Authorization Server on sTEROIDs.
Asteroid is an OAuth2 server designed for performance, extensibility and maintenability. It benefits from the high performances and reliability of the Erlang Virtual Machine.
This project is no longer maintained and is not suitable for use in production. In
particular, the identity backend (AttributeRepository
) is buggy, does not support
SQL databases and needs a major rewrite. Other components (such as object stores,
crypto backend, ...) and the whole application would need some rewriting too.
It is unlikely the author will find time to work on this project in the future.
Asteroid supports the following specifications:
- OAuth2:
- The OAuth 2.0 Authorization Framework (RFC6749)
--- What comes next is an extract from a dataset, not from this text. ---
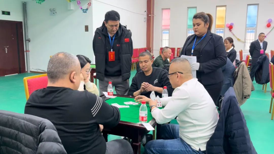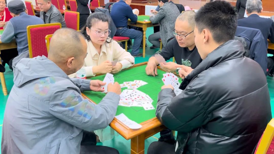 随着裁判长一声令下,比赛正式开始,各位选手立即全神贯注地投入到如火如荼的对局之中。比赛过程中,参赛者们各显身手,配合默契,斗智斗勇,时而沉着应战,见招拆招,精确计算;时而谈笑风生,灵活应对。对阵双方比牌技、拼手气、比智慧,赛成绩、促友谊。加油助威的观众认真观战、悉心学习,现场欢笑声此起彼伏,一派其乐融融的景象。

- The OAuth 2.0 Authorization Framework: Bearer Token Usage (RFC6750)
with
APIacAuthBearer
- OAuth 2.0 Token Introspection (RFC7662)
- OAuth 2.0 Token Revocation (RFC7009)
- Proof Key for Code Exchange by OAuth Public Clients (RFC7636)
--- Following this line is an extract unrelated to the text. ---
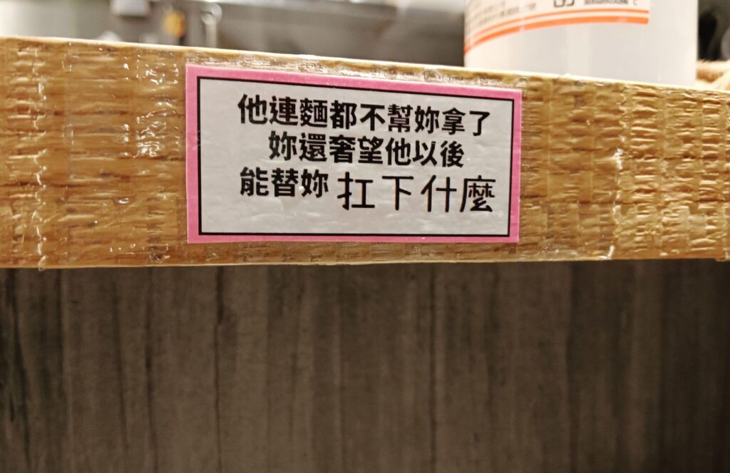 最近去的拉麵店規定同行的男士要幫女士端麵,巧的是麵上來時某先生有電話來,所以是我端的。如果是拿著鐵鎚的我大概會很想戰這句,不過在吃麵時光遇到,就笑笑拍張照就好:)

- OAuth 2.0 Dynamic Client Registration Protocol (RFC7591)
- OAuth 2.0 Authorization Server Metadata (RFC8414)
- OAuth 2.0 Device Authorization Grant (RFC8628)
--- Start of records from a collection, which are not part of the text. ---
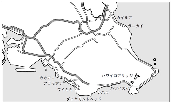 ワイキキから東へ車で約30分、ハナウマ湾に近い小高い丘にある高級住宅地です。住宅地内の道路はすべて私道。住宅地へ上がるメインストリートの入り口にはゲートがあり、警備員が住宅地への出入りをチェックしています。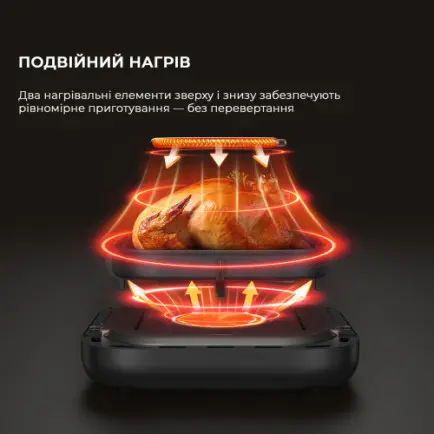 FD10 Pro забезпечує більш рівномірне запікання, порівняно з одним джерелом тепла. Отже, необхідність перевертати їжу під час приготування значно знижується. Удосконалена технологія подвійного нагріву не тільки підвищує якість запікання, а й забезпечує економію енергії до 20% та ступінь знежирення м’яса до 88%.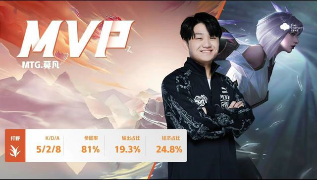 关键时刻,莫凡的澜完美进场,斩获三杀,MTG稳住局势。

- JSON Web Token (JWT) Profile for OAuth 2.0 Access Tokens (draft-ietf-oauth-access-token-jwt-00)
- OpenID Connect:
Asteroid strives to fully implement the specifications. For specifics about support, refer to the documentation.
The demo_auth_workflow
branch implements two flows. Refer to the documentation for more
information.
First, install Elixir. Then clone this repository and launch Asteroid:
git clone https://github.com/tanguilp/asteroid.git
cd asteroid/
mix deps.get
iex -S mix phx.server
You can build documentation using mix:
mix docs
The documentation is generated in the doc/
folder.
It is also published here.
It contains information related to the use of the test application in the "Running the demo app" section.